ENTRIES SUPPLIED:
------------------------------------

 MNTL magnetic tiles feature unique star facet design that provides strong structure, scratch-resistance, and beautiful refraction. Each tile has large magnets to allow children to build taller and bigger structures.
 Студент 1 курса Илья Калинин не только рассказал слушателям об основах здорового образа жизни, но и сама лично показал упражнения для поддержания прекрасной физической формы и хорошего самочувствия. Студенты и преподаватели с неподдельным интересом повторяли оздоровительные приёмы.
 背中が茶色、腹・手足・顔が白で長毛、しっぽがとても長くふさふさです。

------------------------------------

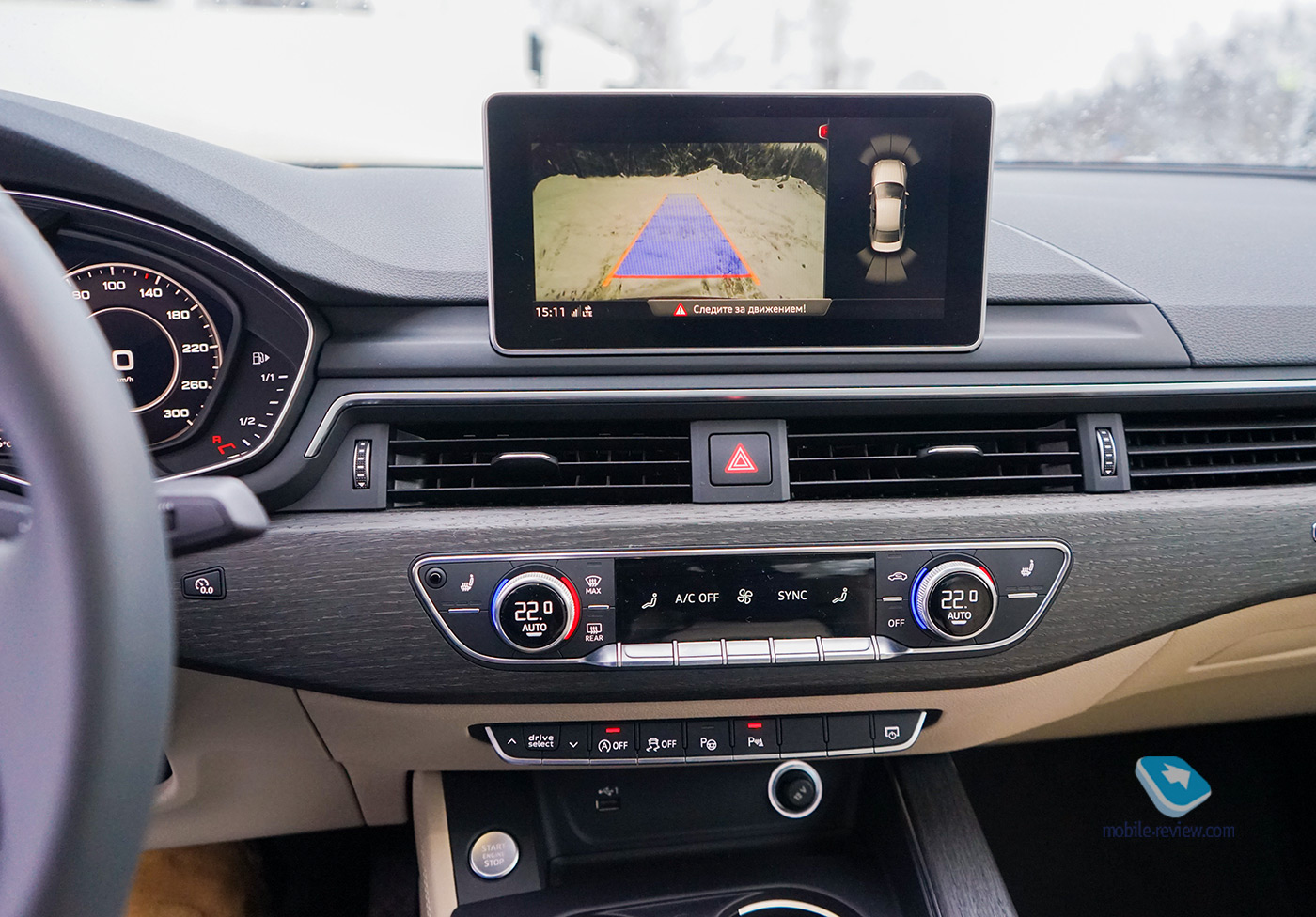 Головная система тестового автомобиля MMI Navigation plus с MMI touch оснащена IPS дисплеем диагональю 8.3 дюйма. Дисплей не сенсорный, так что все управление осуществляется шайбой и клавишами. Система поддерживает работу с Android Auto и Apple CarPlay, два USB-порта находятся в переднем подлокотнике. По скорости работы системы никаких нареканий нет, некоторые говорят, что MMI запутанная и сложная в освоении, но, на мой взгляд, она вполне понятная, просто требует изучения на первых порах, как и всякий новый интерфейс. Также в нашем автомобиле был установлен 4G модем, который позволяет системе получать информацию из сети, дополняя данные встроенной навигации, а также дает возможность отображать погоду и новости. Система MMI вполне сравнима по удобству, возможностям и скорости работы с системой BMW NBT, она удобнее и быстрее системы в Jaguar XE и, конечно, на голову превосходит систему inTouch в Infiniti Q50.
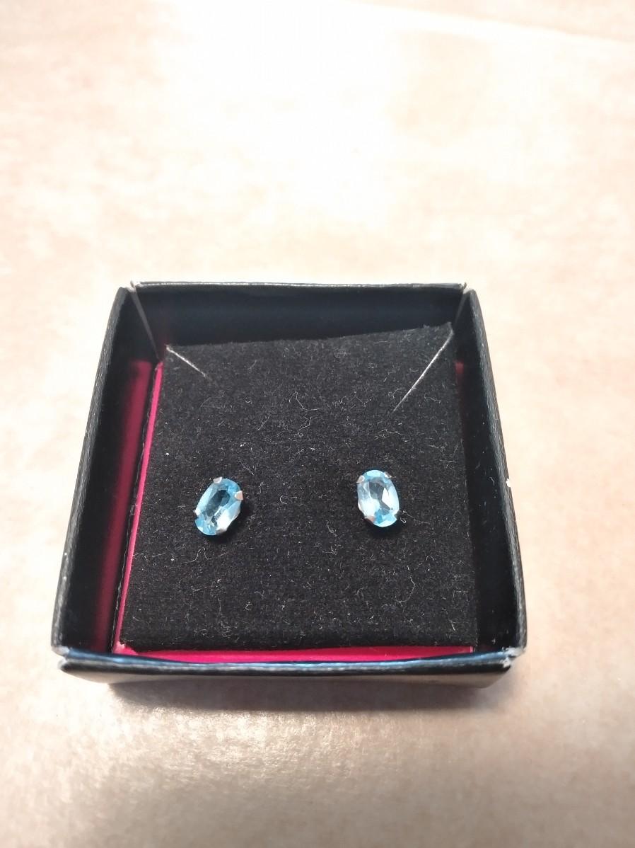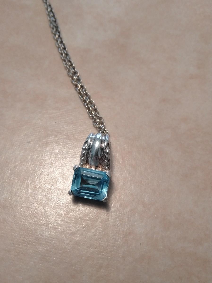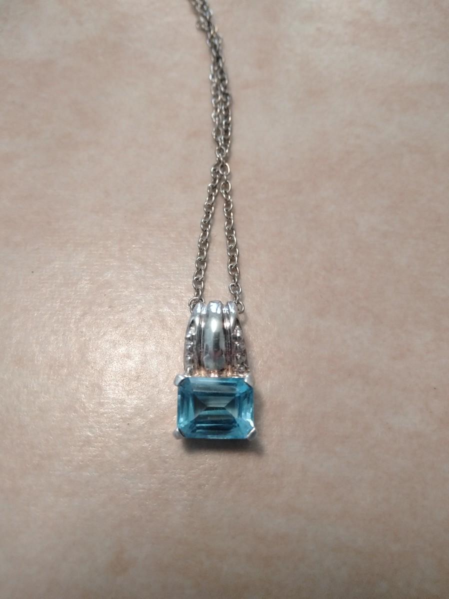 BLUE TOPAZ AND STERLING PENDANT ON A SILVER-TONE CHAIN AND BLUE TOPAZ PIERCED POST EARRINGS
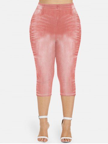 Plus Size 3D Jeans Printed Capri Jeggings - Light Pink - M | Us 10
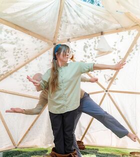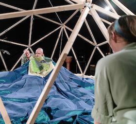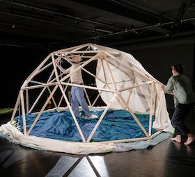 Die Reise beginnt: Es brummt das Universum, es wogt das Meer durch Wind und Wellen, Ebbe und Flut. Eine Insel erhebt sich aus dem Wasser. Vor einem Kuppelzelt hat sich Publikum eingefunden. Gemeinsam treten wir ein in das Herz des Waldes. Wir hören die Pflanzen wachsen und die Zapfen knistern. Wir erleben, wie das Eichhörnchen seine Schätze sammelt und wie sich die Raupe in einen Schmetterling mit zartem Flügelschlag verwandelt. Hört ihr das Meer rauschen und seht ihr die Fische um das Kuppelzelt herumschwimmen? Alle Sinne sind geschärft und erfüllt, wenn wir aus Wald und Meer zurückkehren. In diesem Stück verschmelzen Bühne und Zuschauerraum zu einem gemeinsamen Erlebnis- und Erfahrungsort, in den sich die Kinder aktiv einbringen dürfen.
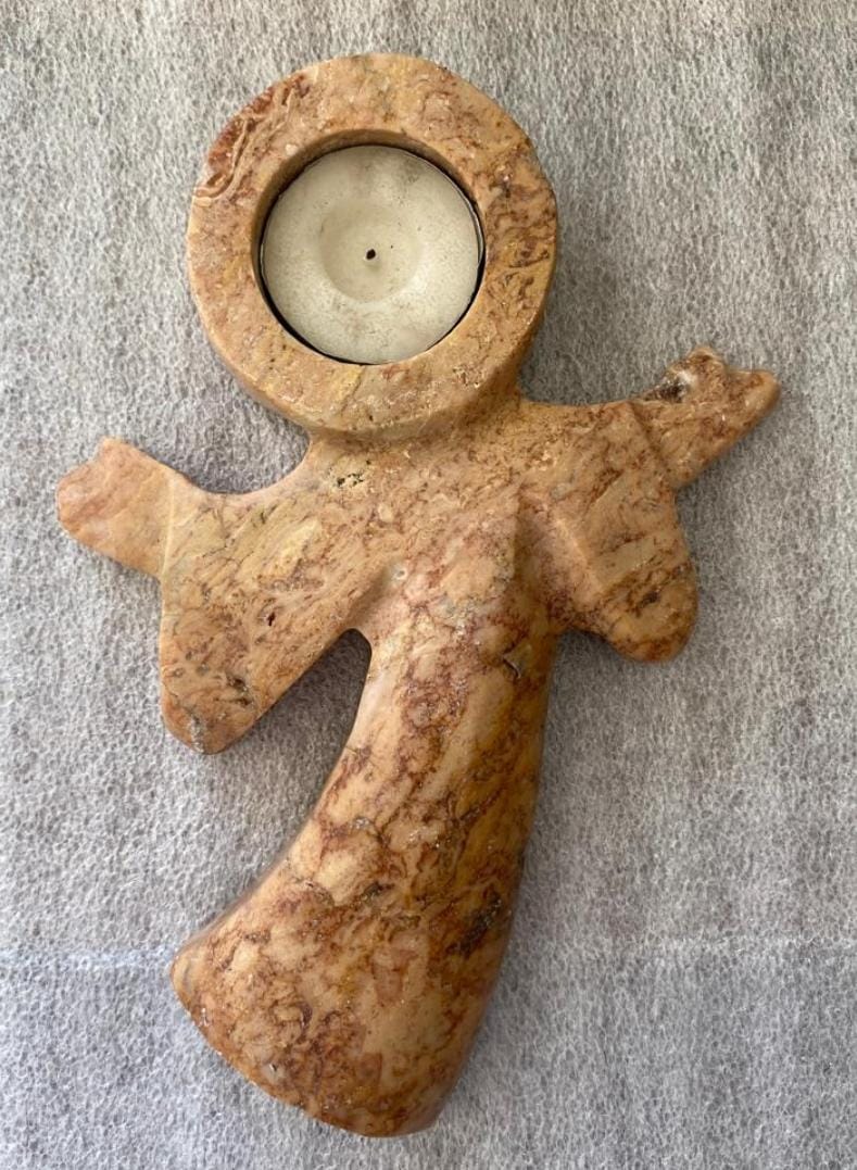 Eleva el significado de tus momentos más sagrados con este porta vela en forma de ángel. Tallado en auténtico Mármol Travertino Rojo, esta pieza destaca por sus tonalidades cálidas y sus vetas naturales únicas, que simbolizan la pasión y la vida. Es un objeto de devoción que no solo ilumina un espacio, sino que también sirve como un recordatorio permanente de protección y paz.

------------------------------------

Quote the listing above, but only from the line that shows "Студент 1 курса" through the line that shows "背中が茶色、腹・手足・顔が白で長毛、しっぽがとても長くふさふさです。".

 Студент 1 курса Илья Калинин не только рассказал слушателям об основах здорового образа жизни, но и сама лично показал упражнения для поддержания прекрасной физической формы и хорошего самочувствия. Студенты и преподаватели с неподдельным интересом повторяли оздоровительные приёмы.
 背中が茶色、腹・手足・顔が白で長毛、しっぽがとても長くふさふさです。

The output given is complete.